Teresa Freeborn: That’s important you say that, because the short answer truly is, is that we’re going to make some inroads, of course, into that market share dominance of the big national banks. By empowering these consumers out there to make better and more informed choices for their financial service relationships. But let me tell you why I always emphasize that this isn’t and can’t be a hit and run campaign. I think this is the most important thing that your listeners need to understand. You can’t anticipate some instant turnaround here. Okay. This is going to be a long haul on our part. So our research shows of course that the consideration problem that we face relates to what I call that big brand I mentioned earlier. And each of our credit unions has of course their own individual brands. But you know what, for better or worse, we’re all part of that big brand that’s called credit union.
And, I think you probably know exactly what I mean. When people talk about credit unions, they don’t usually say Xceed or Kinecta, instead they say that credit union, we’re all simply that credit union to most consumers. And the good news is that most people have generally very positive views about that credit union, after all we’re the good guys of banking, right? We’re for the people, we’re not for profit. We’re the ones who helped many of them finance their first car. They like us, they really, really like us. That’s kind of where we sit with them. But they have those lingering misconceptions that I mentioned earlier, which has of course kept our whole market share very flat.
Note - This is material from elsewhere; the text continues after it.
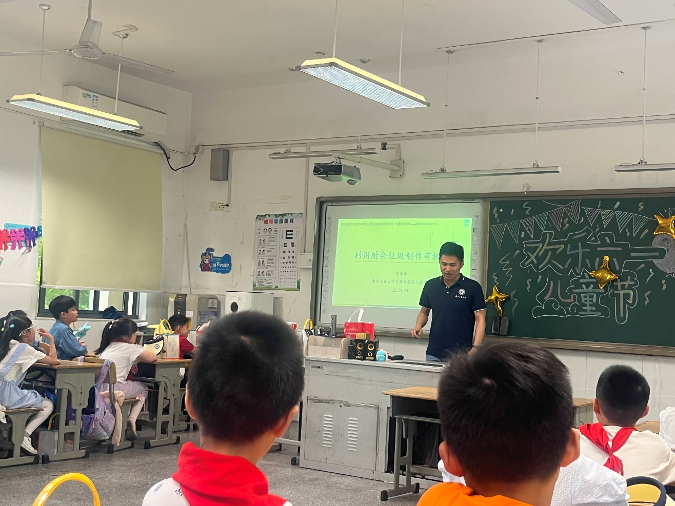 为推动主题教育走深走实,深入开展“三个一线”行动,鼓励党员师生在奉献社会中发挥作用,6月1日在第七十三个国际儿童节到来之际,生工学院党委组织教师第四党支部俞亚东副教授赴南京市将军山小学开展主题为“利用厨余垃圾制作有机肥”的科普教育活动。
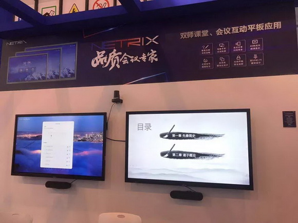 雙師課堂由最新上市的 “NETRIX品質會議專家”傾情打造,集“硬”技術和“軟”實力于一身的NETRIX讓雙師課堂擁有更智能、高品質的顯示體驗。兩臺75寸新品NETRIX智能交互平板的完美應用,實現了一對多實時在線授課,將名校名師課程通過實時直播傳授給其它校區學生,講師和學生還可隨時互動,最大化實現優質教學資源共享。NETRIX智能交互平板應用NEC色彩級桌面顯示器的引擎技術,令畫面顯示更精準、細膩。小于2mm低觸摸高度、1mm觸控精度、20點觸控數量的產品優勢讓觸控更加精準、靈敏。同時,NETRIX搭載的雙5G模塊全面迎合了5G時代來臨的趨勢。

And it’s essential that this industry, brand building, big brand building campaign, it’s got to be sustained over time because consumers don’t buy checking accounts or mortgages like we buy groceries for instance, right?
It’s going to be maybe a year or two years or longer before any one individual makes a major financial decision. But here’s the kicker though, when they are ready to make those major financial decisions, we as credit unions need to be right there at the front of their mind so that they can come and check us out and see the kind of value we bring. So if we pull together as an industry, and we do this right, the campaign is going to work very hand in hand with individual credit union marketing because, of course, when they’re ready and we’re top of mind, they will go to their individual credit union. So we’ll all benefit from that. And all of this will of course deliver that long-term growth that we as an industry need to see and need to plan for.
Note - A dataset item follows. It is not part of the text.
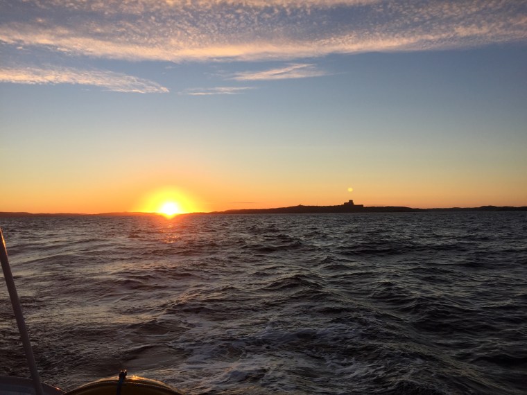 Det blåste noll och ingenting och sjön var skumpig efter fredagens kuling men en vacker soluppgång över Marstrand fick vi se och allt eftersom lade sig sjön och blev platt.

Cameron: So, I can’t remember, some famous person said this, but it was like, “When do we change? And it’s that we change when the pain of doing nothing starts to exceed the pain of trying something new.” And so you’ve got a great quote that we found online where you said with regards to this campaign, and let’s just say that the broader movement credit unions nationally joining that we need to stop asking, should we do this and start asking what happens if we don’t do this? So what do you fear, if we’ve been steady at 7% for decades, what’s your fear if we don’t just, if we just stick with the status quo?
Teresa Freeborn: I guess it comes down to me being that sort of as a matter of survival for credit unions. And by the way, that quote, I stole that off my chair of the board of CUNA, Brett Martinez, he always says that and I loved it and I said, “We have to tell everybody that because to me at the end of the day, stop it, stop, stop asking, should we do it?” It was just such a brilliant way to get the message across. So I’m going to give him full credit. Here’s what it comes down to. If you think about the big banks and the dominance they have and you think about all this emerging new FinTech offerings and nontraditional competitors. You hear all of this as you go to all these conferences, but I think the days are over when individual credit unions can sort of stumble along and not worry too much about competitors or innovation and they can expect that their institution would be just fine.
Everything will just carry on. But it’s not today’s reality. This pace of change, as you mentioned, in financial services, it’s such that we simply can no longer survive sort of squirreled away in our own little niches that we have, it’s impossible. And if you think about it, none of us are really big enough or rich enough, compare us to those big banks we talked about earlier. We can’t do this on our own. It’s impossible. So as has been the case for I think so many other successes in our industry, whether there are co-op trusts or are credit union indirect lending, we need to band together and we need to band together in a very collaborative way to make some big change in how consumers and Americans see credit unions. And this campaign isn’t designed to change credit union values, but it certainly introduces us in new ways to consumers that haven’t really considered us.
And if we don’t act and we don’t do it together, those are the two pieces right now, it’s absolutely inevitable that our already very puny slice of the financial services pie could actually cease to exist because we’re going to be irrelevant. And by that time, I think it’s just going be too late to do anything. So that would be just such a huge loss. I mean obviously not for all of us who have devoted our careers to the credit union system and industry that we’re in, but most of all to consumers and our members who would lose out in what I believe is their absolute best value and absolute best choice for their financial services out there.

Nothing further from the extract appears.